Mackenzie Rosman Maxim: Why Is Stripping Down a Rite of Passage for Female Child Stars?

Culture

Much like her 7th Heaven co-star Jessica Biel did before her, former child actress Mackenzie Rosman has unveiled the results of the aging process known as puberty in a magazine marketed towards middle class white men.

Rosman rose to fame for playing Ruthie Camden, the youngest of Reverend Camden’s seven children on the WB’s (RIP) long-running family drama 7th Heaven. Since releasing a series of racy photos for Maxim yesterday, various news outlets have expressed surprise that Rosman did not remain a prepubescent reverend’s daughter after the show ended in 2007.

Lying on her back with her skirt riding up around her waist – a pose that I think we can rightly assume is meant to suggest what she might look like pre-coitus – Rosman wants us to know that she has grown up. (As ABC News saliently pointed out, "Rosman, 23, definitely is not 6 anymore.") While headlines feign shock, gracing the pages of men’s magazines seems to have become a rite of passage for young female stars looking to shed oppressive little girl personas and assert themselves as capable adults. Which makes sense, because women's power comes from making guys want to sleep with us, right?

Former child stars Danielle Fishel, Emma Watson, Hilary Duff, Amanda Bynes, Danica McKellar, and Lindsay Lohan have all stripped down for these mags to create buzz for a new project or just announce their marketable womanhood to the world. The journalistic response to these publicity stunts is usually akin to "check out these good girls gone wild" or "we know you always wondered if there was a hot woman hiding inside that little girl's body, and now you finally get to see it!"

We shouldn't shame these women for doing what they want. They're capable of making their own choices – choices that, on one level, make sense. As someone who looks so young that I recently got carded while trying to rent ski equipment, I empathize with the desire to be seen as an adult. I know what it’s like to want to be taken seriously, to not be saddled with the undue assumptions of innocence and powerlessness that society places on young women.

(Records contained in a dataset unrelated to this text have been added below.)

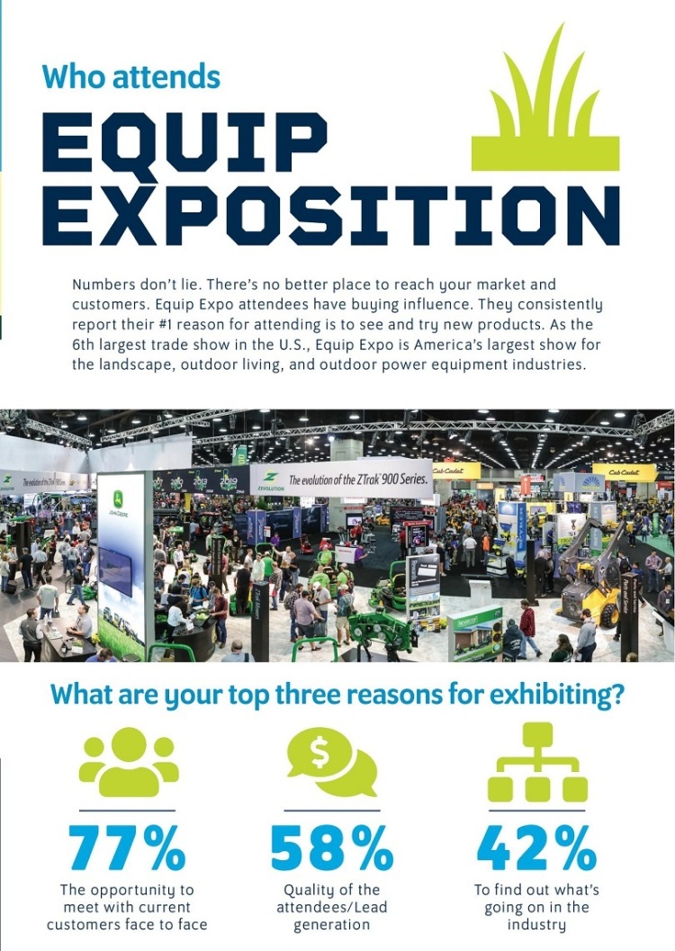 美国路易斯维尔园林机械展览会(equip exposition)以促进中小企业和一流的企业进行交流,以及鼓励创新为主题,展示园林绿色工业领域的产品、设备及新技术、新项目。并通过行业发展研讨会,给业内人士提供一个交流学习、合作、洽淡贸易的机会。不仅提供了参展企业展示企业形象及产品品牌形象的平台,也力求给不同需求的客户提供了商机。
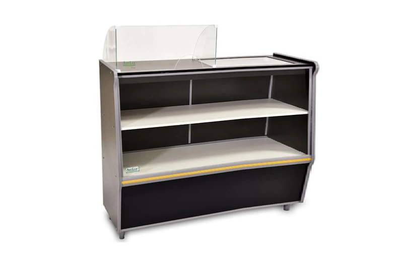 Balcão tipo vitrine seca, ideal para exposição de produtos que não necessitam de refrigeração. Combina praticidade, design moderno e ótima visibilidade.
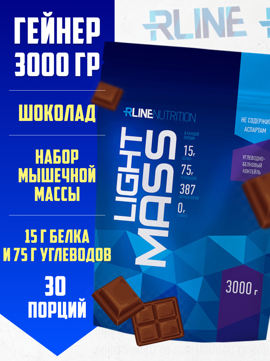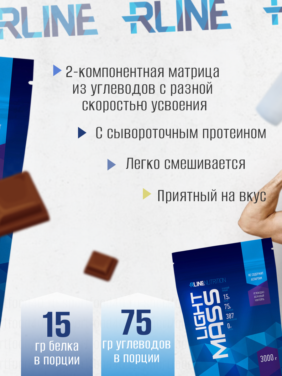 Высокоуглеводный гейнер Light Mass разработан технологами RLine для ускорения наращивания мышечной массы. Этот процесс является наиболее энергозатратным. Чтобы обеспечить его избыточной энергией, разработчики сместили соотношение компонентов Light Mass в сторону углеводов. Это позволило создать формулу для успешного форсирования спортивных результатов. Light Mass снимает ограничения с потенциала роста. Продукт рекомендован атлетам с высоким уровнем метаболизма. Позволяет увеличить калорийность рациона без дополнительной нагрузки на пищеварительный тракт.
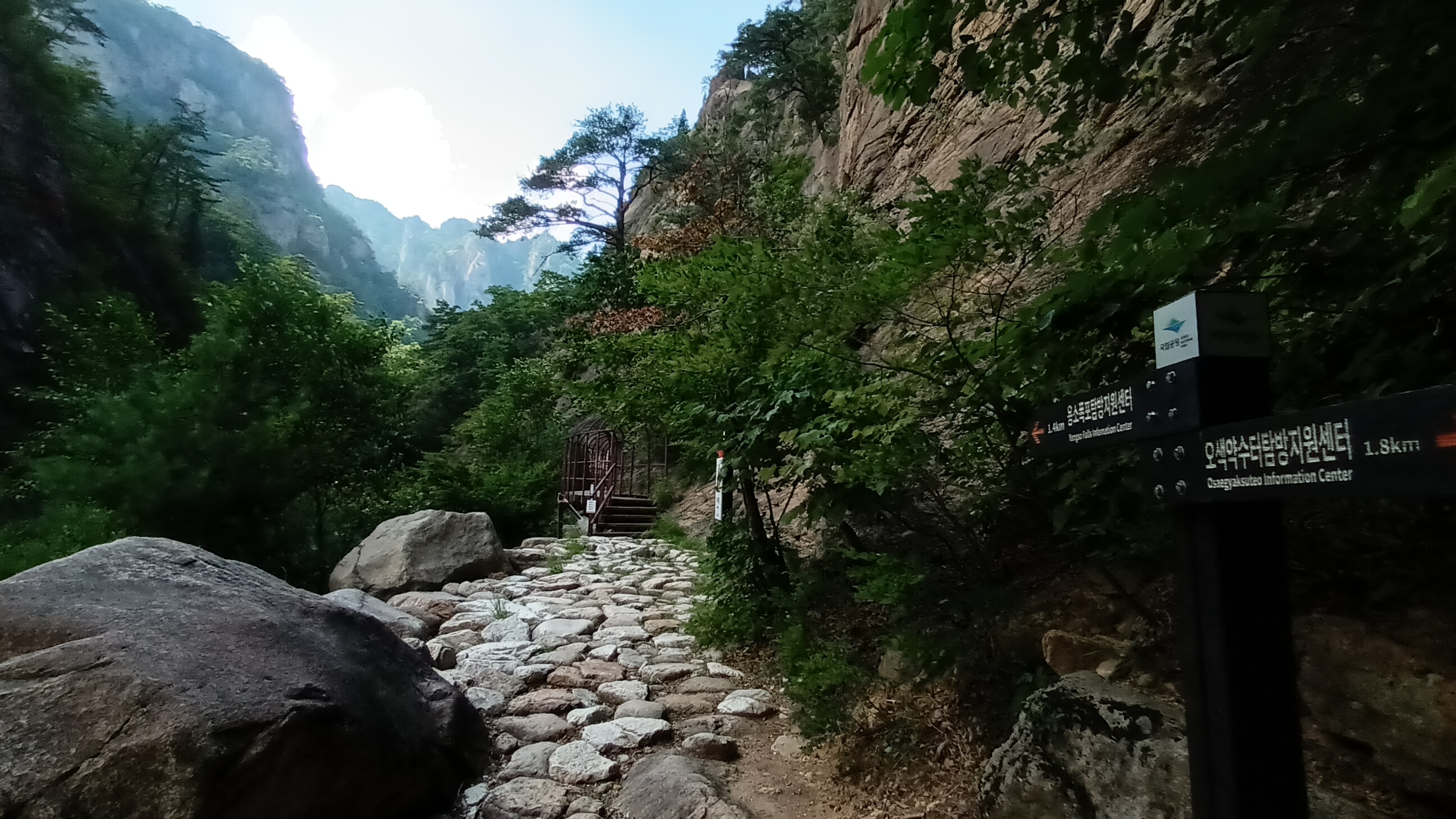 용소폭포로 가파른 계단으로 올라가는길
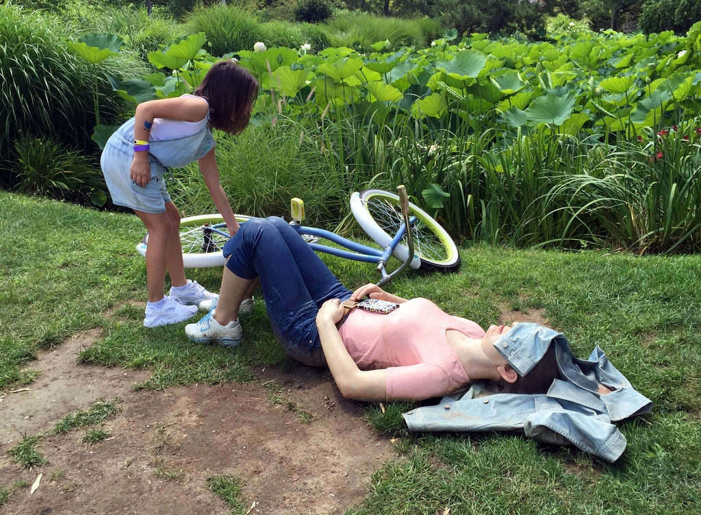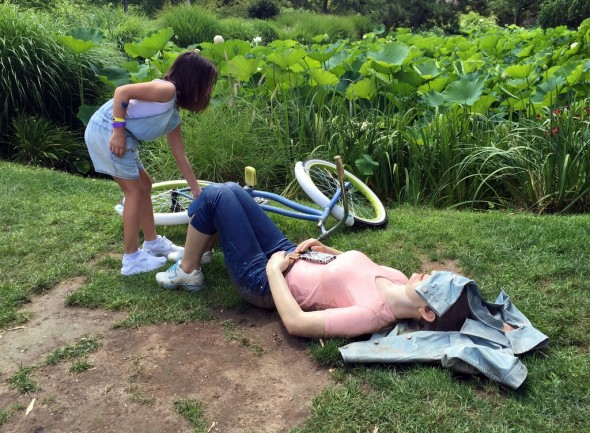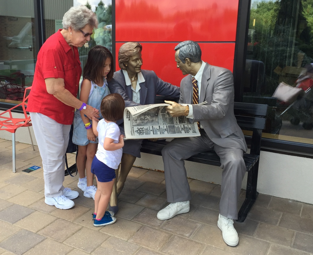 Seward Johnson, who founded Grounds for Sculpture, had an exhibition of his people sculptures scattered around the grounds. July is the final month for that collection of 150 pieces, and it’s such a shame. I would love them to be a permanent part of the grounds. They constantly took us by surprise. From a distance they just look like visitors, and then you do a double-take when you realize.
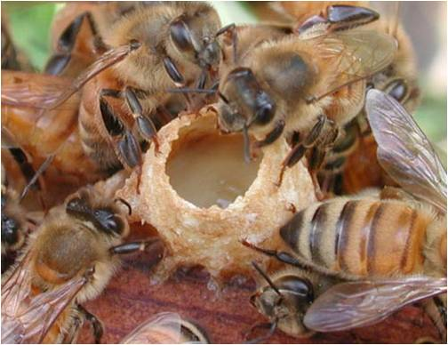 숙성된 꿀 꽃가루로 일벌의 머리 전두엽 인두선에서 만들어지는 로열젤리!
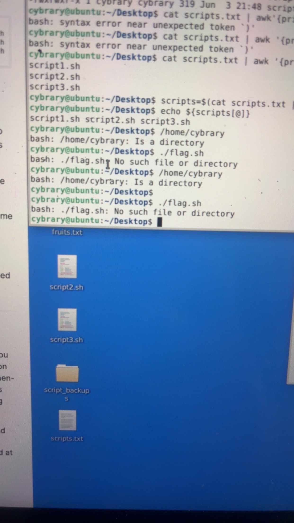 So when I do end of the lab step 26 and 27 it’s saying /home/cybraey is a directory and no such file or directory for flag
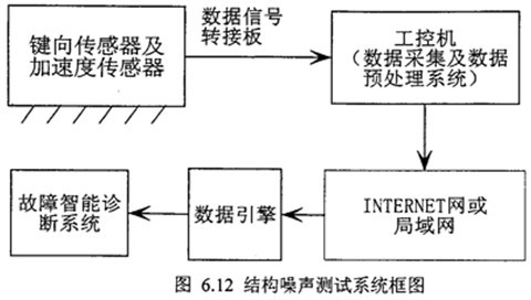 實驗裝置共有兩大部分,一部分是實時監(jiān)測及數(shù)據(jù)采集,一部分是信號分析處理系統(tǒng)。其測試系統(tǒng)框圖如圖6.12所示。
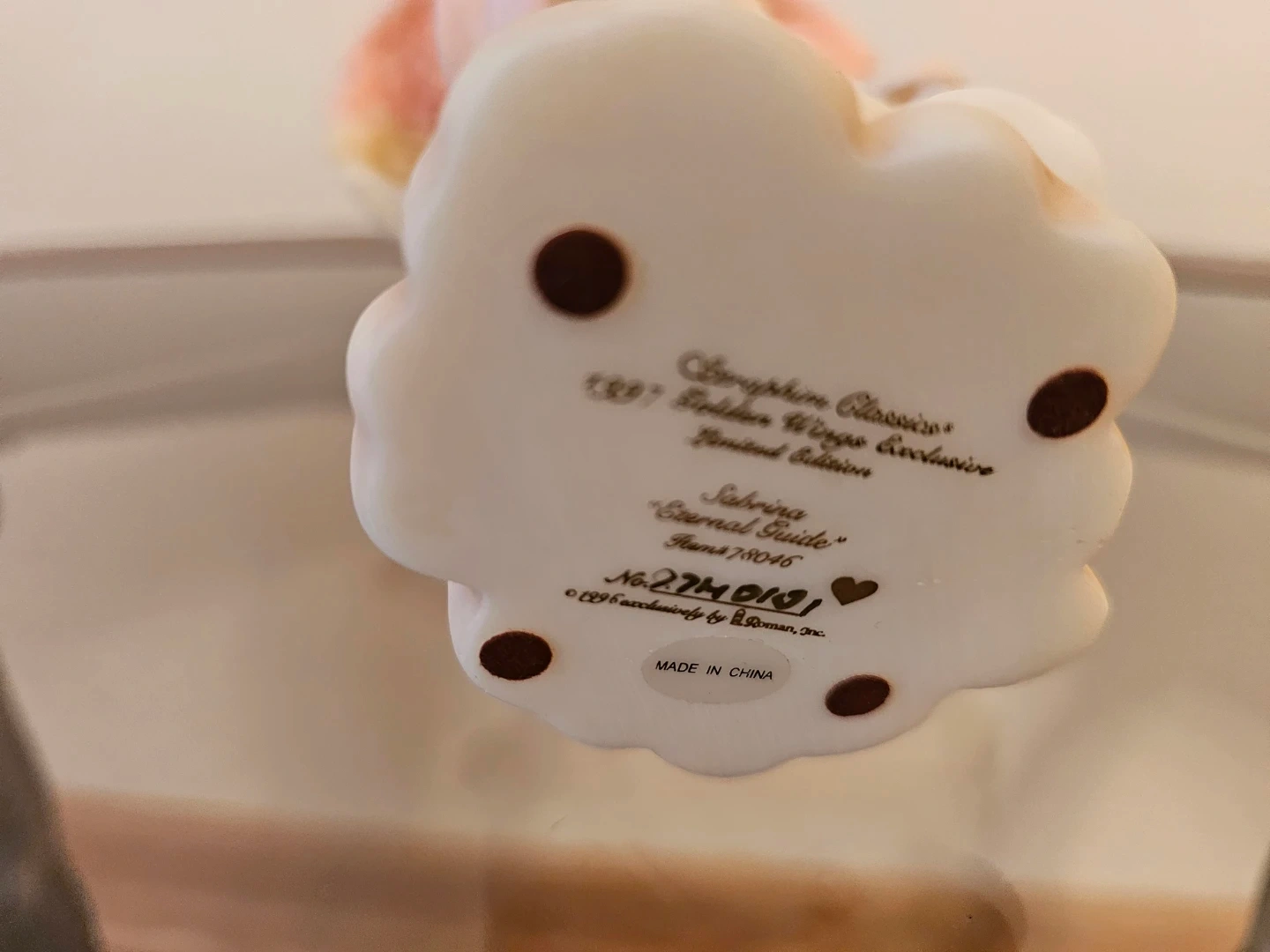 Selling a Seraphim Classics "Sabrina Eternal Guide" figurine. This is a 1997 Golden Wings Exclusive Limited Edition figurine by Roman, Inc. The item number is 78046 and the piece number is 274010. It comes with the original box
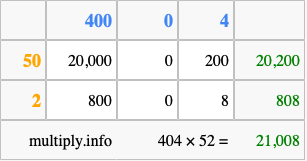 That's all there is to it! As you can see from the box above, the answer to 404 times 52 using the box method is 21,008.
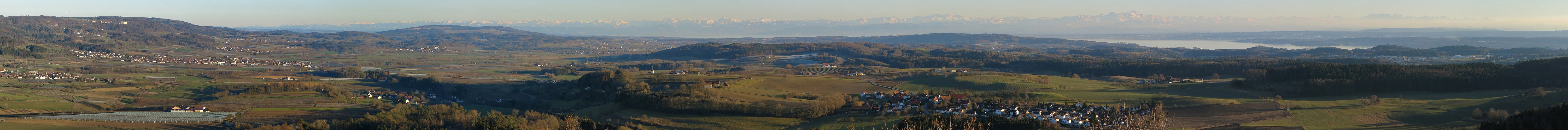 23 HF-Freihandaufnahmen mit meiner G15 bei 140 mm KB. Grundsätzlich bietet der Aussichtsturm eine Rundumsicht. Der Blick nach Norden zum gleichnamigen Ort und einige nahe Höhenzüge ist aber vergleichsweise uninteressant, wenn auf der anderen Seite die Alpen leuchten. Daher beschränke ich mich hier auf das Wesentliche. Jörg zeigte sein Parallelpanorama schon viel früher: die Nr. 14963
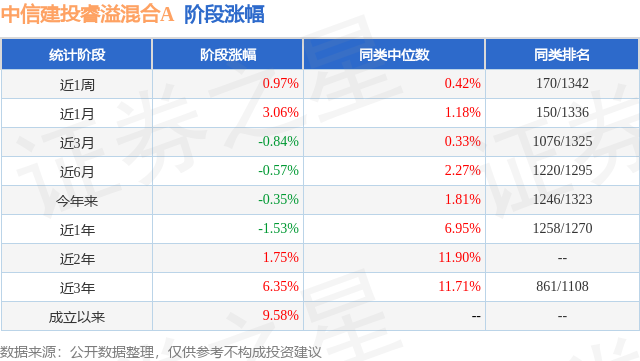 从业绩表现来看,中信建投睿溢混合A基金过去一年净值涨幅为-1.53%,在同类基金中排名1258/1270,同类基金过去一年净值涨幅中位数为6.95%。而基金过去一年的最大回撤为-6.65%,成立以来的最大回撤为-33.35%。

But these choices aren’t made in a vacuum. When we live in a society that continues to define a woman’s worth in relation to how hot she is, why does the assertion of female sexual agency so often happen on the pages of men’s magazines - magazines that have famously called women “ornamental” and said that they "provide pictures of girls in the same way [they] provide pictures of cool cars"? Why is literally becoming an accessory considered a viable avenue for women to free themselves from expectations placed on their sexuality? Why, in 2013, are we imposing on these women an assumption of virtue and naivete that must be one day combated in the first place?

It’s not just attempts to classify these spreads as empowerment that’s so frustrating. It's the photos' implicit suggestion that little girls growing up is somehow remarkable, or dirty, or wild. Why do we continuously liken the release of these photos to "good" girls gone "bad"? Why do we still put such a premium on feminine purity that any evidence to the contrary becomes news?

These revelations of maturity are – for the most part – a woman's game. Male child stars don't usually pose for provocative spreads in women's magazines as soon as they come of age. They don't head to Cosmo for photo shoots where they eye the camera submissively, hands suggestively placed over their privates, in an effort to prove to the world that they're all grown up. Is this because we assume that little boys turn into me men, but for some reason it still surprises us when little girls turn into women? That's what the influx of headlines surrounding former starlets finally baring it all might lead us to believe. Even as I'm writing this, the story "Abigail Breslin Looks All Grown Up And Is Now A Blond Bombshell" popped up. Why, for women, does feeling like a grown up so often mean feeling like a sex object?

For Rosman, the photos were likely released partially in an effort to garner attention for her role in the upcoming Sharknado spinoff (which, apparently, is a thing that exists).

But I can't help but imagine an intern sitting in the Maxim offices whose main job is to maintain a Google doc of starlets' upcoming eighteenth birthdays. His canned email is at the ready to persuade them to ditch their good girl images through a liberating, clothing-optional photo shoot as soon as it's legal. Because the message being promoting by all this fetishizing of child stars is that we've been ready for this all along. That inside every little girl, there's a woman just waiting to be objectified.